> [Task requirements]: In the records below, begin at the line that has "Olomoucká ulice od pošty v roce 1931." and stop after the line that has "Hellulagðar gönguleiðir við"; quote those lines verbatim and nothing more.

Extracted records:
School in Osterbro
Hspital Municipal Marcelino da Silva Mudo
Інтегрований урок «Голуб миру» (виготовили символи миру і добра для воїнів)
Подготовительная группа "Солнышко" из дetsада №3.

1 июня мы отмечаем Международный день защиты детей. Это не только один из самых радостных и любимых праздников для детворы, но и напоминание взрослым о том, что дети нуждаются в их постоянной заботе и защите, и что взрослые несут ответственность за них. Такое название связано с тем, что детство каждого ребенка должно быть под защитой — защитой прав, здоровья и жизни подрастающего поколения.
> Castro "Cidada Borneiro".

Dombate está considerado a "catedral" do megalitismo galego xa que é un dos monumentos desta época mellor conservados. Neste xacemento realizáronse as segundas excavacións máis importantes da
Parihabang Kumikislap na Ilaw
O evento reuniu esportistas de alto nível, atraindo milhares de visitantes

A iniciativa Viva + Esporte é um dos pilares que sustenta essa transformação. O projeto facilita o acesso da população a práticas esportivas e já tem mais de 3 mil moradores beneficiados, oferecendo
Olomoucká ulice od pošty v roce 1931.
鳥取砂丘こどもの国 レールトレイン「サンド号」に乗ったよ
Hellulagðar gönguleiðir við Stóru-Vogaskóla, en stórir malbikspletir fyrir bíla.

---

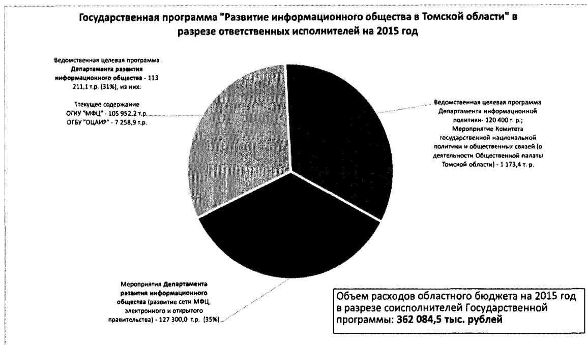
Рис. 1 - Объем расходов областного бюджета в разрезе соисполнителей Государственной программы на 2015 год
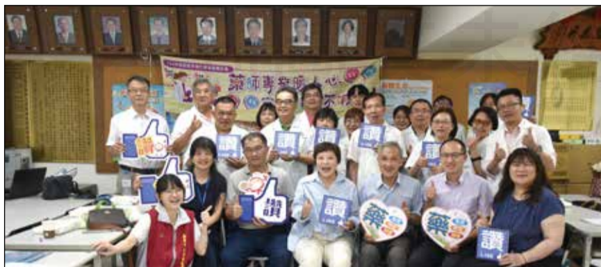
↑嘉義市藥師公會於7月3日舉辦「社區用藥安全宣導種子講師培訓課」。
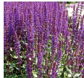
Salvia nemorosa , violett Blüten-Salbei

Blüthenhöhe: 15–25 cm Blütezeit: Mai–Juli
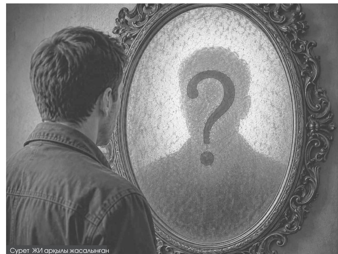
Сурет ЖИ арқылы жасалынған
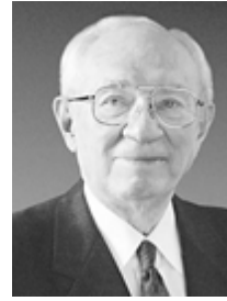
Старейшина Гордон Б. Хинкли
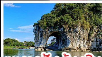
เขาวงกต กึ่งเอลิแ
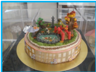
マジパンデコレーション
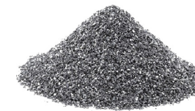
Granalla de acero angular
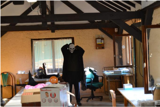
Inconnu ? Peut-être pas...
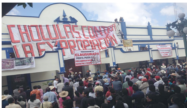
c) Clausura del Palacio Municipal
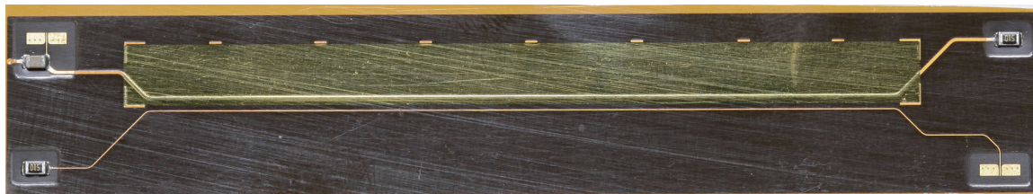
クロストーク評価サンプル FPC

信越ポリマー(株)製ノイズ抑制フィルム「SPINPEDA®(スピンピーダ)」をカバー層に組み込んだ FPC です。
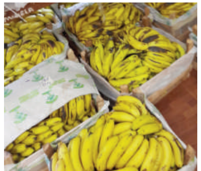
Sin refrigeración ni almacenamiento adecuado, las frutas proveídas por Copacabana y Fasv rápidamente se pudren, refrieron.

> [Response]:
Olomoucká ulice od pošty v roce 1931.
鳥取砂丘こどもの国 レールトレイン「サンド号」に乗ったよ
Hellulagðar gönguleiðir við Stóru-Vogaskóla, en stórir malbikspletir fyrir bíla.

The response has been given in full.